Para cientistas, padrão de degradação da floresta mudou e fogo precisa ser monitorado tanto quanto o desmatamento
Instituto promete sistema que verifique extensão dos incêndios; cientista diz que fogo mais freqüente é efeito do aquecimento global
Governo e pesquisadores estão iniciando um esforço para mapear um tipo de dano à floresta amazônica que tem recebido menos atenção que o desmatamento, mas que pode ter se tornado um protagonista da devastação: o fogo.
Alberto Setzer, do Inpe (Instituto Nacional de Pesquisas Espaciais), que coordena o monitoramento de queimadas por satélite, afirma que em dois meses deve estar pronto um sistema para verificar a extensão dos incêndios na floresta. Hoje, é possível saber o número de focos de queimada, onde eles estão e quando ocorreram, mas não há como estimar o tamanho das áreas atingidas.
Segundo ele, a maioria das ocorrências na Amazônia são intencionais. "Hoje se percebe que o que realmente está sendo fundamental na degradação da floresta é o fogo", afirma.
O gerente do Programa de Monitoramento por Satélites do Inpe, Dalton Valeriano, diz que acaba de ser decidido cruzar os dados do sistema Deter (Detecção do Desmatamento em Tempo Real) com os de queimadas. "Dessa forma, será possível fazer um indicador mais completo, que mostre a relação entre queimadas recorrentes e o desmatamento."

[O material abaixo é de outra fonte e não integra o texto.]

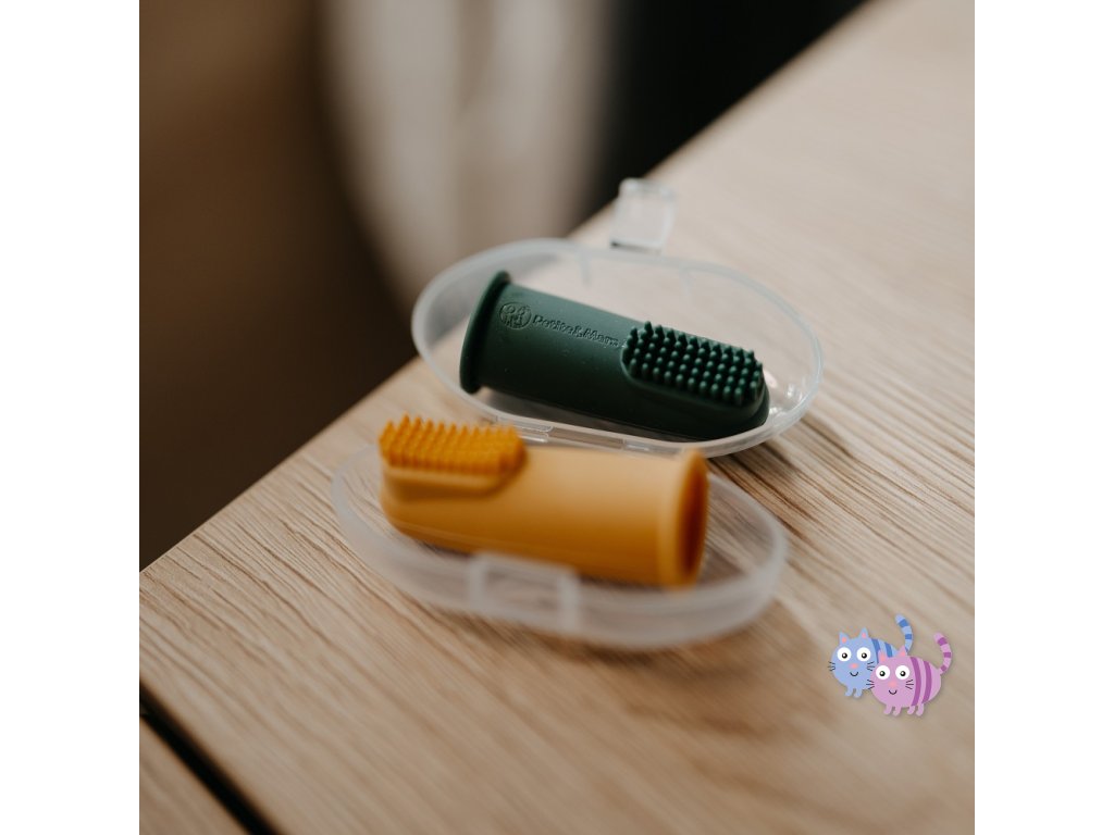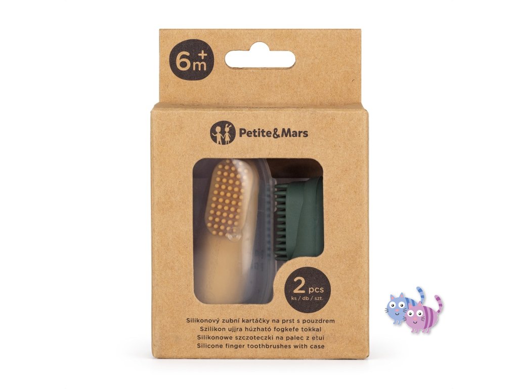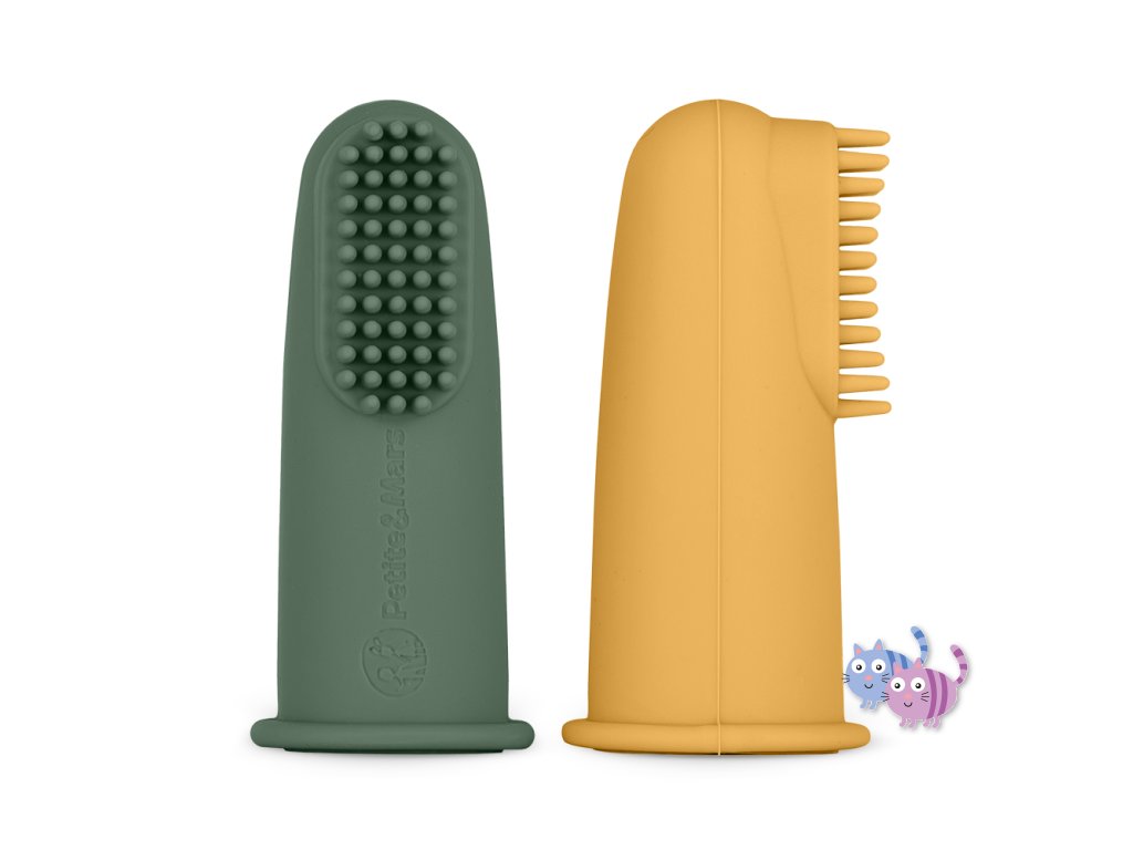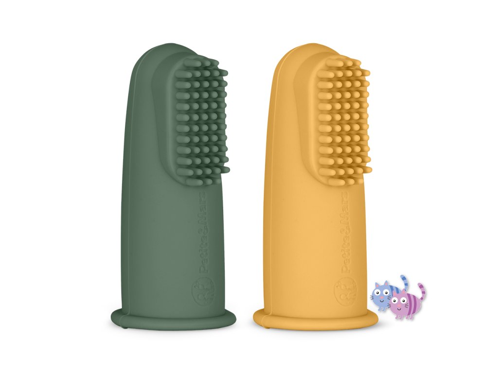 PETITE&MARS Sada silikonových zubních kartáčků na prst Ochre&Green 2 ks 0m+

O governo do Mato Grosso desde janeiro vem contestando os dados do Deter. Para o Estado, áreas classificadas como desmatadas pelo sistema são locais onde a floresta foi degradada há oito anos ou mais.
O Deter engloba os pontos degradados na conta da devastação porque, para o sistema, as áreas nas quais o sinal espectral (luz que o satélite capta) de solo é maior que o de vegetação já não funcionam como floresta.
Para o Inpe, o padrão de degradação mudou na Amazônia: áreas de floresta em pé vêm sendo queimadas ano após ano, mas isso aparece tarde demais nos dados do Deter. Uma nova ferramenta é necessária, avaliam os pesquisadores, para flagrar esse processo em curso.
Aquecimento global
O ecólogo Daniel Nepstad, do Ipam (Instituto de Pesquisa Ambiental da Amazônia) e do Woods Hole Research Center, afirma que muitas vezes a área de floresta queimada é maior que a desmatada. Ele cita em artigo um exemplo de 1998, ano em que houve uma seca extrema e 39 mil km2 pegaram fogo -duas vezes a área de floresta cortada naquele ano.
Para ele, o aumento da área queimada já é um reflexo do aquecimento global: altas temperaturas e ventos mais fortes, aliados à seca prolongada.
Nepstad notou o problema de forma marcante no segundo semestre de 2007, durante uma queimada experimental -realizada há cinco anos numa fazenda em Mato Grosso.
O fogo, que normalmente levava cinco dias para queimar os 50 hectares da área do experimento, fez o serviço em dois.
De acordo com ele, é comum nascer capim -altamente inflamável- nas áreas que tiveram incêndio, o que aumenta os riscos de novos focos. "É um ciclo vicioso", diz.
Na opinião de Valeriano, as queimadas são reflexo da exploração de madeira e não do aquecimento global. "A floresta fica mais aberta, entra mais sol e o material seca."
Segundo ele, nos sobrevôos realizados recentemente na Amazônia para verificar desmatamentos, notou-se muitas áreas carbonizadas.
Edição especial
A Amazônia é o tema de uma edição especial da revista "Philosophical Transactions of the Royal Society, B". A publicação foi baseada numa conferência realizada há um ano em Oxford, Reino Unido.
Alguns dos artigos abordam a seca, fator de risco para as queimadas. Um dos textos, de pesquisadores do Inpe, explica que a seca-recorde de 2005 ocorreu pelo aumento da temperatura no oceano Atlântico (e não em razão do fenômeno El Niño).
Como o aquecimento do oceano é visto como tendência do aquecimento global, esse tipo de seca pode ficar mais comum na região.